When the Democratic Republic of Congo’s eastern neighbours took advantage of an outbreak of political turmoil there to invade in 1998, then-president Laurent Kabila turned to regional powerhouse Angola for help.
Angola’s jets pounded Rwandan and Ugandan positions inside Congo and its troops patrolled the streets of the capital, Kinshasa, fearing the installation of a hostile government sympathetic to its own separatists.
This week, Laurent Kabila’s son, Joseph, another Congolese president facing upheaval at home, heads to Luanda in search of a helping hand.
Heads of state at tomorrow’s Congo-focused regional summit, many of whom have extended their own mandates at home, are likely to back a deal Kabila recently struck with part of the opposition to allow him to stay in power until at least April 2018, beyond his mandate which ends in December.
But analysts say this time Kabila cannot count on unalloyed support from Angola and other allies, especially if its leaders start to see Kabila as the problem, rather than the solution to difficulties in the central African giant.
“Angola prefers a Congo that is weak but stable,” said Jason Stearns, director of the Congo Research Group at New York University.
“If the country becomes seriously unstable, Angola might begin to make its criticism of Kabila more public.”
The main opposition bloc has denounced this month’s accord as a pretext to allow Kabila to cling to power and manoeuvre to change the constitution — charges the government denies.
More than 50 people were killed last month in demonstrations against the extension of Kabila’s term — which the government blames on the logistical problems of organising a November election — and opposition leaders have vowed to give him a “red card” on December 19, the last day of his term.
The goal of Kabila’s trip to Luanda is to win support for the deal, under which a power-sharing government is to be named, his top diplomatic adviser, Barnabe Kikaya bin Karubi, said.
The government hopes regional recognition of the accord can help stem growing pressure from the United States and Europe on Kabila to stand down.

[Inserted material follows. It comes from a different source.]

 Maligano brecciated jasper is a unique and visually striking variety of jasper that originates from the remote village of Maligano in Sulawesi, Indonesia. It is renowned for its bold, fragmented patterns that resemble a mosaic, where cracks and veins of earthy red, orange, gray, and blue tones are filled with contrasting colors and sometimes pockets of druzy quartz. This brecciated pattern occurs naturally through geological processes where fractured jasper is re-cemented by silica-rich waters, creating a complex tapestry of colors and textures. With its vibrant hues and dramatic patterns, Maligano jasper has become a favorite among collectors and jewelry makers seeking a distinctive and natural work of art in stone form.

Even with that vote of confidence, further turmoil would damage Kabila’s image as a guarantor of stability, one diplomat said.
The United Nations fears large-scale violence could become “all but inevitable”.

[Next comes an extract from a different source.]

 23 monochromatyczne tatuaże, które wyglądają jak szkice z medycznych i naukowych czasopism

With direct Rwandan or Ugandan intervention in Congo now considered unlikely, Angola’s main fear is an influx of refugees across its 2,600km border if the political situation gets out of hand.
“I don’t think they will want to see one person stay on if that leads to instability,” the diplomat said of Angola.
Millions died in the 1998-2003 war that sucked in more than a half-dozen armies, including Zimbabwe and Namibia, which backed Laurent Kabila and then Joseph after his father’s murder in 2001.
Since then, a series of foreign-backed insurrections has caused havoc in the east but without threatening Kabila’s overall authority.
Kikaya said Kinshasa was not worried about weakening support from its allies but recent visits to Rwanda, Uganda and Tanzania suggest Kabila is working hard to shore up regional support.
“He still sees regional alliances as essential in his strategy to extend his time in office — but also possibly to secure personal guarantees in case he is forced out of power,” said Vincent Rouget, Congo analyst at Control Risks.
Economic factors could also complicate Kabila’s strategy.
Relations between Congo and Angola have soured since 2013 due to a dispute over access to offshore oil concessions.
Likewise, South Africa could conclude that Kabila is no longer the best bet to protect its substantial economic interests in Congo.
Congo agreed in 2013 to sell more than half the power from its future 4,800 megawatt Inga 3 hydroelectric dam to South Africa but development has been sluggish and Congo is now almost certain to miss a 2020 deadline to begin providing electricity.
The United States has already imposed targeted sanctions against members of Kabila’s inner circle for allegedly violating human rights and blocking elections and the European Union is threatening to follow suit.
Such moves are unlikely to find support among Kabila’s neighbours, especially Rwanda and Congo Republic, whose leaders recently pushed through changes to their constitutions to let them stand for third terms.
Instead, realpolitik and the desire for stability are almost certain to trump any idealism about democracy.
“African states don’t want to set precedents about interference in domestic affairs,” said Stephanie Wolters, an analyst at the Institute of Strategic Studies in Pretoria.
But the support of regional leaders will not be guaranteed forever and if he has any designs on staying around beyond April 2018, Kabila will need to find a much firmer legal basis for his position, the diplomat said.
“They found a legal way to stay on,” the diplomat said. “Kabila hasn’t.”